What does it take to get a GRHRCH title. I don't mean from a rules/points perspective, or the quality of dog. I mean from a training perspective.

1. Did you use a pro to help, if so how much
2. Did you use a pro to handle, how hard is it to do yourself as an amature, assuming you have handled your first dog through Finished tests.
3. If you trained on your own how often, and did you have to have great grounds?

I am kind of thinking about goals for my dog after HRCH and MH (which are not finished yet but are insight). I know I don't have the resources to go after a FC/AFC. QAA would be good but I was also thinking about GRHRCH. I have never been to a Grand hunt and I am not sure what it takes to pass two. I don't have the resources to put the dog with a pro 8-10 months, and I am a good but not great amt. with limited experience and limited access to grounds. I could afford to put the dog with a pro say 3-4 months a year and have him handle at the grand (though I would rather do it my self). On my own I get to OK grounds twice a week and use two wingers if I am by myself which I often am. In addition, two to three other days a week I do drills with him in the back yard. Every other saturday we go to some nice technical grounds/water. Is this realistically enough to pass a grand.


----------



## Steve Hester (Apr 14, 2005)

You can do it yourself. The dog has to be trained for every concept imaginable, and be steady as a rock. He has to hold it together for 5 days in a row, including Upland, twice. Then, you have to have some luck.


----------



## Margo Ellis (Jan 19, 2003)

I would say you can do it, I train upwards to 4 times a week, but when Meg was younger and I was working on her HRCH and MH (which we need one more pass for) I would train 5 times a week at the most. Usually two wingers and maybe one thrower during those times but I had a group I would get together with maybe twice a week. 

As Steve said train for as many different concepts as possible, try to travel to get your dog used to different areas of the country, remember a Grand Hunting Retirever needs to be able to hunt any game bird in any part of the country. 

Best of luck and keep us posted on how you are progressing.


----------



## Jeff Huntington (Feb 11, 2007)

I also think looking at the successful pros (Akin, Lee and such) that many of their dogs are 4 or older. Sometimes we want to push that level on a younger dog when maturity and experience are some of the best trainers.

just my 1 cent.


----------



## Nate_C (Dec 14, 2008)

Do you think that the top pros would be open to taking a dog for 3 months to prep them for a Grand? Would that add any value?


----------



## fishduck (Jun 5, 2008)

I am in a similiar quandary. My dog is HRCH MH and jammed a Q. She can do the work. The steady as a rock part is the problem. She will reposition every time the 870 shucks and in the excitement of a test will creep forward at the shot. I can't afford to take a week off of work and not even pick up a mark. She is qualified for the MN so that is my focus this year. 
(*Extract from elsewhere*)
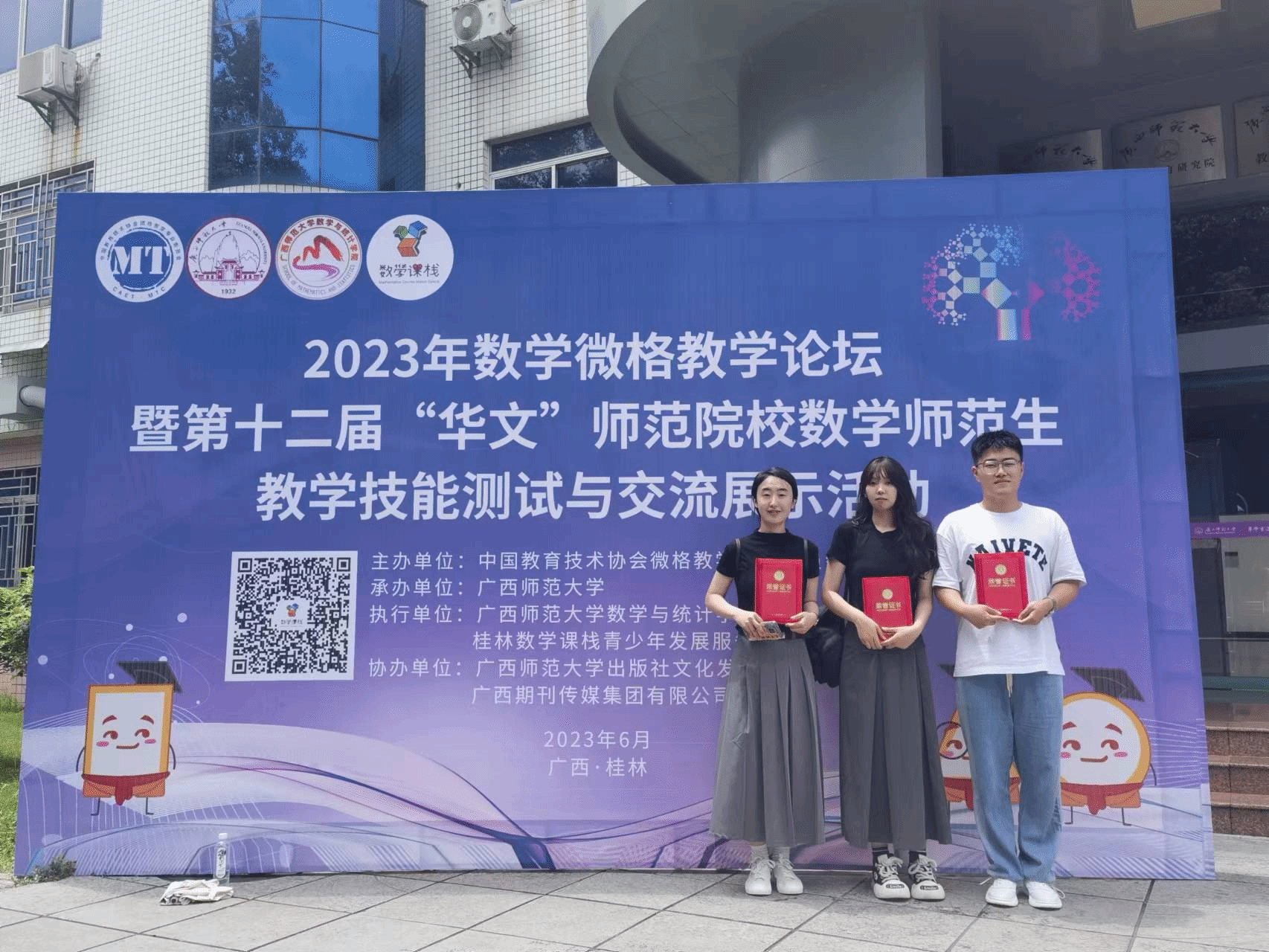 (文/林晓颖)6月23日至26日,由中国教育技术协会微格教学专业委员会主办,广西师范大学承办的2023年数学微格教学论坛暨第十二届“华文”师范院校数学师范生教学技能测试与交流展示活动在广西桂林成功举办。本届活动以“核心素养导向的数学微课设计和数学微格教学”为主题,吸引了来自华中师范大学、南京师范大学、湖南师范大学等全国96个院系单位2286名师生线上线下参与,其中参与线上微课测试活动的师生1830人,参与线下教学技能测试活动的师生456人,规模创历届新高。我校教师教育学院学生参赛并获佳绩。
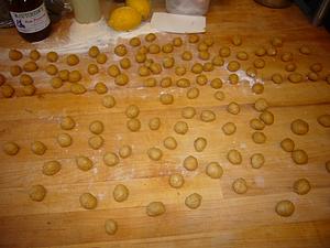 Pinch the dough closed over the nuts and roll some more to tighten the rope. Cut into 3/4 inch pieces.

My amatuer buddy has been to 3 grands with two talented dogs and hasn't been past the 3rd round. According to him the dog needs to be steady, an excellent marker and run excellent blinds. Even with all of this it takes a little luck to pass. The pro with 8 dogs has an atvantage statistically over the one dog amatuer. 

Not many amatuers passed the SD Grand. It is possible that it was just too far for most to travel. With the next 2 Grands in the southeast we may see more pass. You can do it but it will take a real commitment. I will be giving it a shot this spring.

Mark L.

P.S. The top pros probably already have 8 dogs going. There are many good pros that will be happy to take a dog to help split the expenses. It makes sense financially for the owners. Pros are in the business of keeping dog owners happy.


----------